At the interface between competition, predation and symbiosis is the parasitism, a subdolous relationship where a parasite, usually smaller than the host, uses the living resources of the host to grow and complete its lifecycle. The interest of the parasite usually is to harm not too much the host; otherwise, the host’s death could result in death also for the parasite – and this is, you can imagine, not a great success. Anyway, a parasite can change the behavior of its host, determining sometimes very strange behavior.

Mutalism, parasitism, competition and predation are examples of ecological relationships occurring in an ecosystem.

The common thread of all these interactions is that they contribute to matter and energy cycling in the ecosystems.

This way, all the organisms of an ecosystem are connected to each other, and to the non-living parts of the geographical area where the ecosystem is located.

Indeed, all the atoms and the molecules that were taken from the environment, along with the energy stored in them, sooner or later return to it or continue their trip in other beings until their complete recycling. How long it does take is probably… just a matter of scale.

One of my favourite definition of ecosystem is the one given by Odum, who considered deeply the implications of this flow of energy and matter and argued that

an ecosystem is any unit that includes all of the organisms in a given area interacting with the physical environment so that a flow of energy leads to exchange of materials between living and non-living parts of the system”

(Odum, 1969)

As you can imagine, there are a lot of other definitions of an ecosystem, out there.
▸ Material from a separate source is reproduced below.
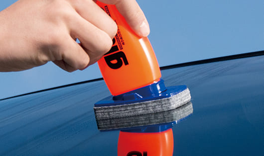 塗り込みヘッドがフロントガラスの3次元曲面にフレキシブルに追従し、塗りムラを抑制すると同時に、手首への負担を軽減します。

So much so that the word “ecosystem”, itself, although it was born in Ecology, has been borrowed also by other disciplines to describe peculiar systems which are full of interacting parts; just think about the information ecosystem of the Informatics, or the communication ecosystem the media often refer to, or again digital ecosystem and art ecosystem.

Well, a professor once told me: “When you find technical words, established in one scientific area, that are adopted by other cultural fields, that means this scientific area has become one among the most influencing disciplines for human beings”.

Well, no surprise that Ecology is influencing our lives. Ecology is talking to us, always.